- Anbar campaign (2015–2016): Part of the War in Iraq (2013–2017)
| Date | July 13, 2015 – 30 June 2016 (11 months, 2 weeks and 3 days) |
| Location | Anbar Governorate, Iraq |
| Result | Major Iraqi Government victory |
| Territorial changes | The Iraqi Army recaptures Ramadi, Hīt, Ar-Rutbah, and Fallujah from ISIL.; 20 percent of the Anbar Province, and 25 percent of Anbar's population remained under ISIL control; |

Belligerents
- Iraq Iraqi security forces Armed Forces; Federal Police; ; Local Sunni tribes; Shia militias (not directly involved); Support United States; Air support United States; United Kingdom; Australia; France; Canada;: Islamic State of Iraq and the Levant

Commanders and leaders
- Haider al-Abadi Gen.
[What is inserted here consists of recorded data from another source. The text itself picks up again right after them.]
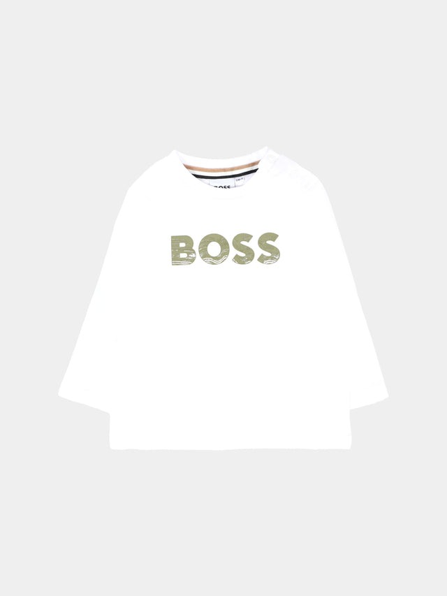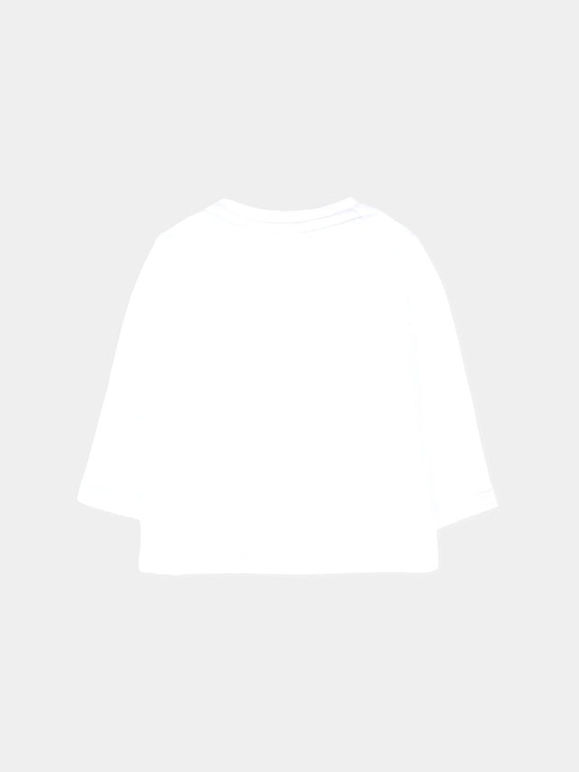 T-shirt bianca in cotone, a maniche lunghe, con girocollo a costine e chiusura con bottoni automatici sulla spalla. È decorata con logo verde gommato sulla parte anteriore.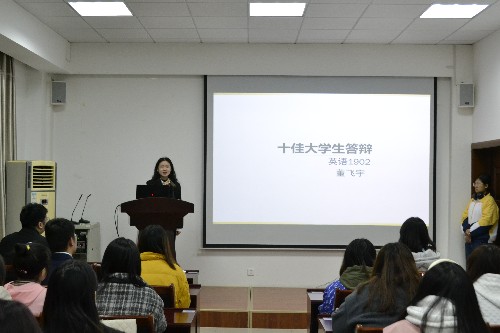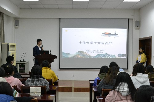 随后,会议进行第一项:4名十佳大学生候选人按顺序依次上台进行答辩。答辩人围绕专业成绩、williamhill、获奖情况、社会实践、身心发展等方面进行个人介绍。候选人们所展示出的优秀履历,尽显理工大“五有”人才的气质与自信,展现出优秀学子努力上进、积极进取的精神面貌,为外院学子树立了优秀的学习榜样。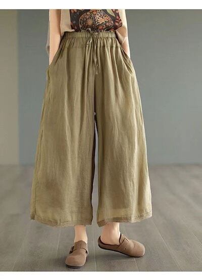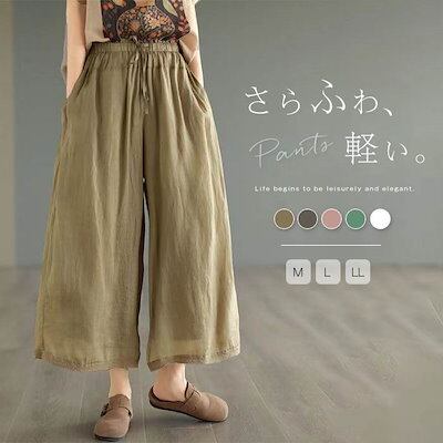 リラックスワイドパンツ イージーパンツ レディース きれいめ スカーチョ スカンツ ガウチョパンツ 無地 フレアパンツ 軽量 旅行 涼しい ズボン ゆったり 体形カバー 大きいサイズ 楽ちん ウエスト | DOKO-ME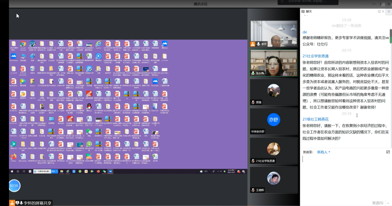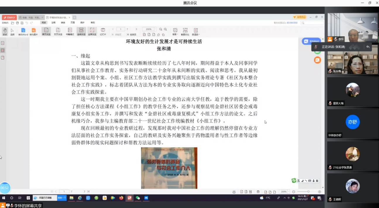2021年12月7日晚,银河官网 邀请中山大学张和清教授为全院师生开展主题为“社会工作干预与中国乡村生态、生计和生活可持续发展的行动研究——以绿耕项目为例”的学术讲座。此次讲座由李怀教授担任主持人,兰州大学张永梅教授担任与谈人。三百余名校内外师生参与了本次讲座。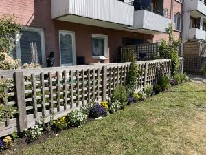 Varje år besiktar vi uteplatserna i området. När det är klart lämnar vi ett omdöme kring skötseln. Du kan få väl godkänd, godkänd, eller ej godkänd. Har du fått omdömet ej godkänd måste du rätta till det som inte är godkänt. Efter en tid går vi en andra rond för att besikta alla som inte blivit godkända.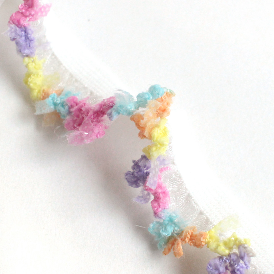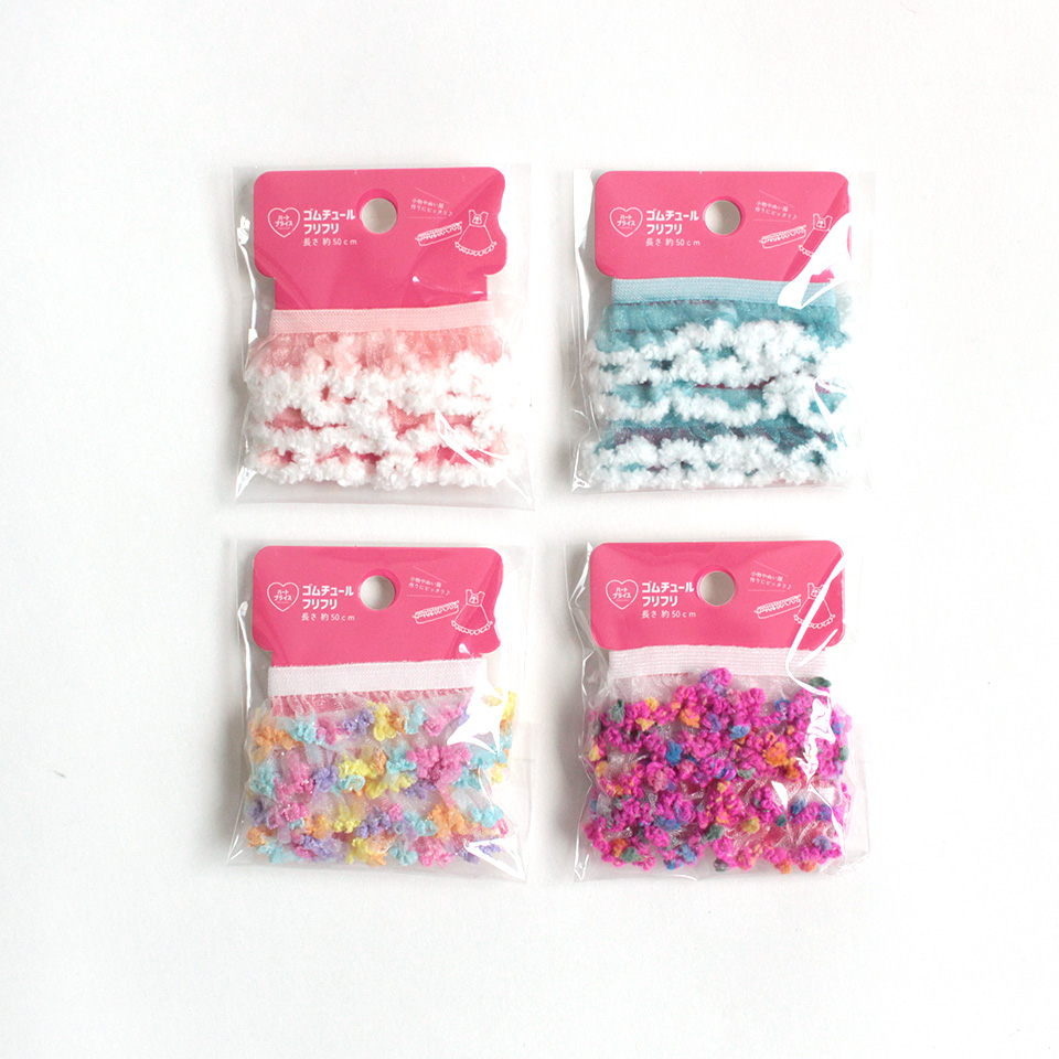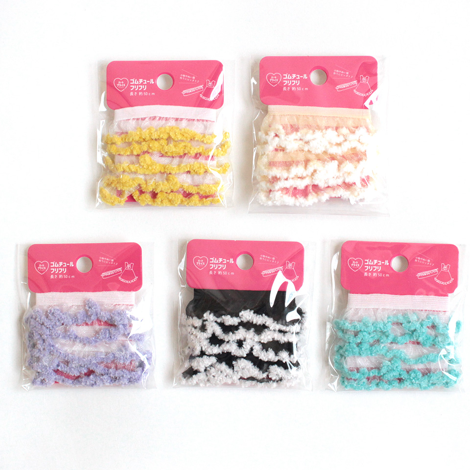 ゴムチュールは、片側に平ゴムを縫い込んだチュールリボン。

Othman al-Ghanmi: Abu Bakr al-Baghdadi (Leader) Abu Mohammad al-Adnani † (ISIL Spokesman) Abu Omar al-Shishani † (Military Chief) Dohan al-Rawi † (ISIL War Minister) Abu Waheeb † (Top ISIL Commander in Anbar) Khaled al-Sadoun † (ISIL Governor of Anbar Province) Abu Bakr (POW) (Top ISIL commander in Ramadi)

Units involved
- Quwat al-Shaheed al-Sadr al-Awal Saraya al-Jihad Harakat Ahrar al-Iraq: Military of ISIL

Strength
- 13,000+ fighters 2,500+ Iraqi tribal fighters; 3,000+ Shi'ite militiamen (Not involved in Ramadi city);: Several thousand fighters

Casualties and losses
- 6,000–19,000 killed: 150,00–42,555 killed

= Anbar campaign (2015–2016) =

Military campaign

The Anbar campaign (2015–2016) was a military campaign launched by the Iraqi Armed Forces and their allies aimed at recapturing areas of the Anbar Governorate held by the Islamic State of Iraq and the Levant (ISIL), including the city of Ramadi, which ISIL seized earlier in 2015. The United States and other nations aided Iraq with airstrikes.

==Background==

On May 17, 2015, ISIL captured the city of Ramadi, after launching an assault which included mortars, rockets, multiple waves of suicide attacks with vehicles, and other indirect fire during a sandstorm. This heavy pressure killed an estimated 500, and caused Iraqi forces to retreat from the city.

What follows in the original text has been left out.